Congress has two natural vehicles to improve the work support system: Temporary Assistance for Needy Families, the nation's main welfare program, and the Workforce Investment Act. Both are long overdue for reauthorization. Lawmakers could give the two programs a set of common goals, preferably goals that emphasize job retention and advancement, so that a state using one program doesn't run afoul of the other. They could also offer grants and seed money for service integration; retraining caseworkers and reprogramming computers is expensive, especially given the states' current fiscal crunch.
Beyond these administrative steps, Congress could extend the reach of federal work supports such as public-health insurance and child-care subsidies. It could launch a new round of Medicaid expansion; the nation still has nearly 44 million uninsured people, most of them in working families. The state-federal system of unemployment insurance also needs an overhaul because many of the working poor never qualify for benefits. Unemployment insurance was designed for an economy of full-time, full-year factory workers. Today, in an economy where temporary and part-time work is common, it covers less than 40 percent of the unemployed.

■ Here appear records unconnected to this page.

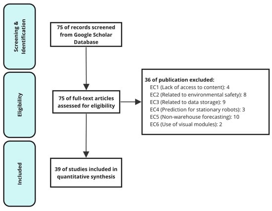 The papers were evaluated based on inclusion, exclusion, and quality criteria, which led to the selection of 39 publications out of the 75 found during the search process. The systematic literature review process is illustrated in Figure 1. Initially, 75 articles were identified from Google Scholar, with selections made based on the relevance of their titles and abstracts. After the exclusion criteria were applied, 36 articles were removed, resulting in 39 articles being retained for in-depth analysis.
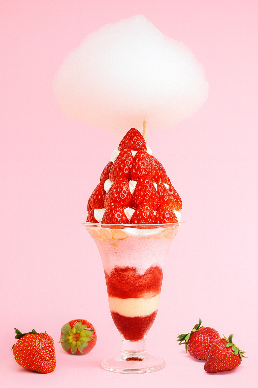 贅沢いちごの食べ比べマウンテンパフェ(ふるーつなのに)異なる品種のいちごを贅沢に使用した“いちご尽くし”の食べ比べパフェ。自家製いちごソースとムース、フレッシュいちごを山盛りに重ね、ふんわりホイップと大きな綿飴でトッピング。⽢酸っ
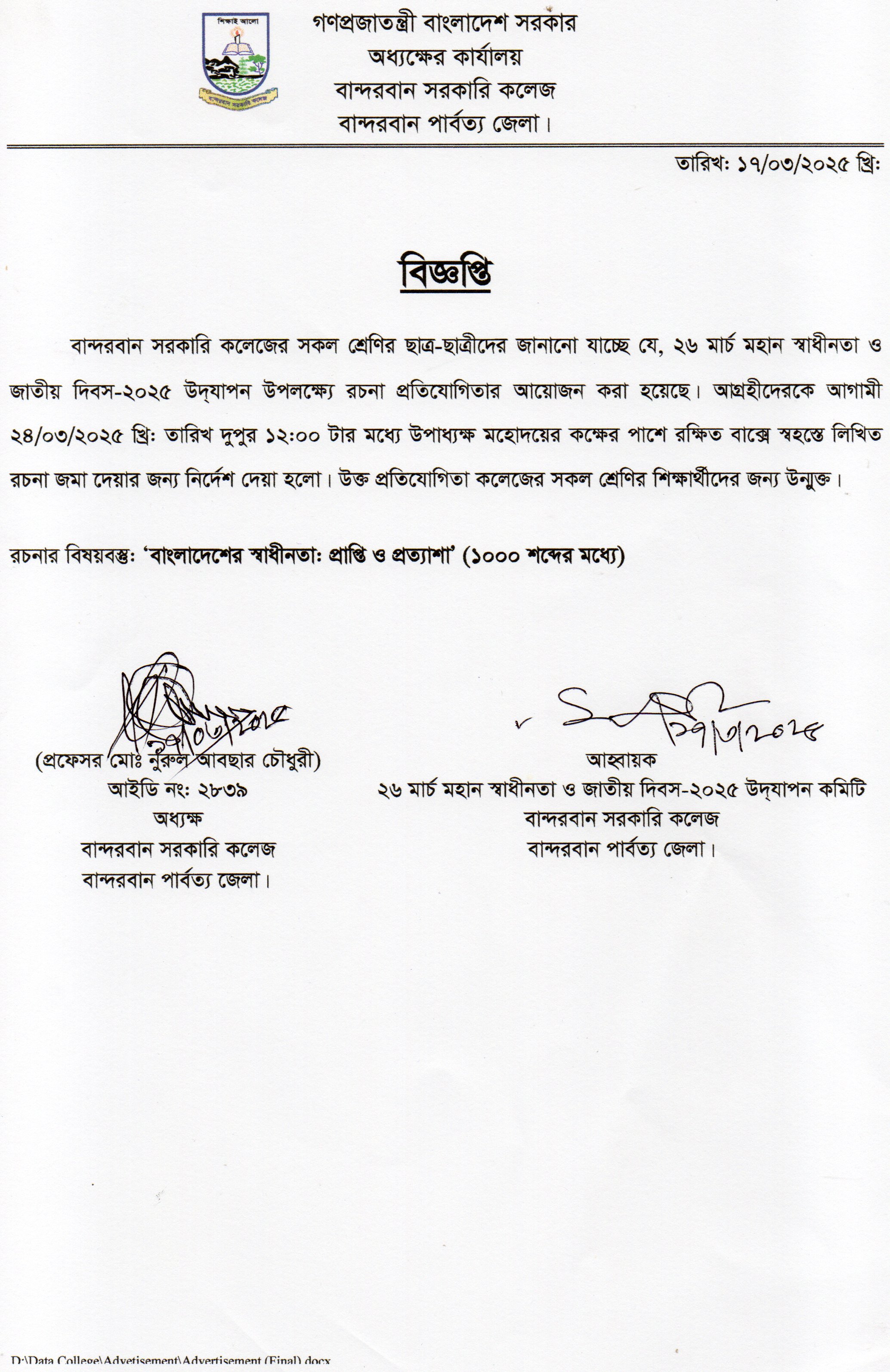 মহান স্বাধীনতা দিবস ২০২৫ উপলক্ষ্যে রচনা প্রতিযোগিতা

The 1996 welfare law had an unspoken and powerful premise: that work could replace welfare and give families a better path out of poverty. Many people, through confidence in the marketplace or sheer inattention, accepted that premise as true. But today, some 9 million Americans live in poverty despite working, and millions more hold jobs that keep them just above the poverty line. It might turn out that requiring work was the easiest -- and only the first -- phase in a new war on poverty.
David Hage is an editorial writer at the Star Tribune in Minneapolis and author of Reforming Welfare by Rewarding Work, published this spring by the University of Minnesota Press.